The cavernous sinus (CS) is a venous plexus that receives drainage from the sphenoparietal sinus, the superior ophthalmic vein (SOV), the inferior ophthalmic vein (IOV), the superior petrosal sinus (SPS), the inferior petrosal sinus (IPS) and the basilar venous plexus. A carotid-cavernous fistula (CCF) consists of abnormal communications between the CS and branches of either the internal carotid artery (ICA) or the external carotid artery (ECA). [1] As a result, CCF can present with different symptoms, such as proptosis, blurred vision, chemosis, headache and ophthalmoplegia. [1] During an early stage, CCF may have atypical manifestations and is prone to being mistakenly identified as other pathologic cavernous sinus conditions. Here, we report a case of CCF with atypical manifestations and discuss major clinical characteristics of this case.

Case presentation

A 60-year-old man was admitted for a 1-month history of paroxysmal left periorbital pain accompanied by various symptoms, including left ptosis, blurred vision in the left eye, and diplopia during each episode. Episode duration ranged from minutes to hours.
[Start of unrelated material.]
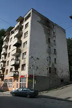 Between April and June 1992 Bosnian Serb forces, with support from the JNA, destroyed 296 predominantly Bosniak villages around Srebrenica, forcibly uprooted 70,000 Bosniaks from their homes and systematically massacred at least 3,166 Bosniaks, including women, children and elderly.[42] In neighbouring Bratunac, Bosniaks were either killed or forced to flee to Srebrenica, resulting in 1,156 deaths.[43] Thousands of Bosniaks were killed in Foča, Zvornik, Cerska and Snagovo.[44]

The patient suffered from one to three attacks per day, and his condition continued to worsen. He had visited an oculist, and his visual acuity, visual field and intraocular pressure were normal. The patient had been diagnosed with hypertension 2 years prior and subsequently began taking extended-release nifedipine tablets. He denied any history of chronic headache, trauma or preliminary infection.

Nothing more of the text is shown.